**TASK DETAILS:**
Lines from the one containing "實踐過程中,志愿者們的身影頻" through the end of the listing are what is wanted, given again exactly with both ends included and pictures left out.

━━ DATASET SECTION ━━

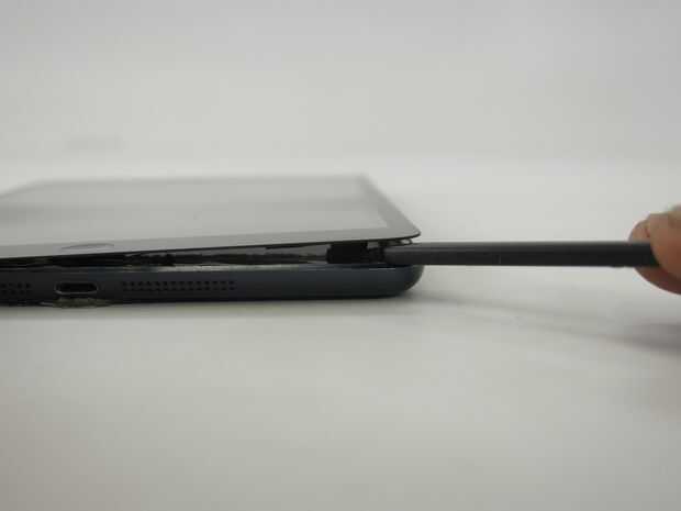 • Use el lado plano de su plástico spudger para empujar el cable digitalizador en la esquina inferior derecha. Su objetivo es asegurarse de que el cable dobla hacia adentro hacia la pantalla LCD que cerca el iPad. Si este cable no se dobla hacia adentro y se ve atrapado entre el bisel y el digitalizador, el digitalizador no sellará correctamente.
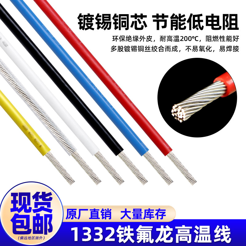 📚 1332铁氟龙线高温线阻燃30 24 20 18 16 12AWG特氟龙镀锡铜电子线
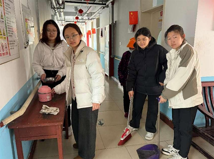 實踐過程中,志愿者們的身影頻現于老年公寓的各個角落。上午時分,一群學生聚集在院外,與一位坐著的老人互動。她身著花色毛衣,神采奕奕地回應著年輕人的提問,旁邊還有人蹲下身傾聽。另一場景中,幾名志愿者站在樓道內,手持拖把和掃帚,認真清掃地面,墻上的紅燈籠與國旗增添了幾分節日氣氛。下午,陽光漸暖,志愿者們繼續忙碌,有人幫老人整理衣物,有人則陪同散步,院落里不時傳來歡聲笑語。
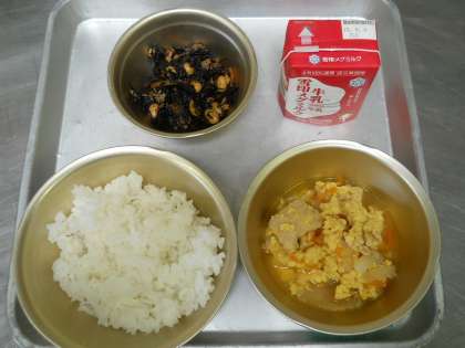 4月20日の献立は,「ごはん・牛乳・親子煮・ひしぎ豆」でした。

━━━

**RESULT BELOW:**
 實踐過程中,志愿者們的身影頻現于老年公寓的各個角落。上午時分,一群學生聚集在院外,與一位坐著的老人互動。她身著花色毛衣,神采奕奕地回應著年輕人的提問,旁邊還有人蹲下身傾聽。另一場景中,幾名志愿者站在樓道內,手持拖把和掃帚,認真清掃地面,墻上的紅燈籠與國旗增添了幾分節日氣氛。下午,陽光漸暖,志愿者們繼續忙碌,有人幫老人整理衣物,有人則陪同散步,院落里不時傳來歡聲笑語。
 4月20日の献立は,「ごはん・牛乳・親子煮・ひしぎ豆」でした。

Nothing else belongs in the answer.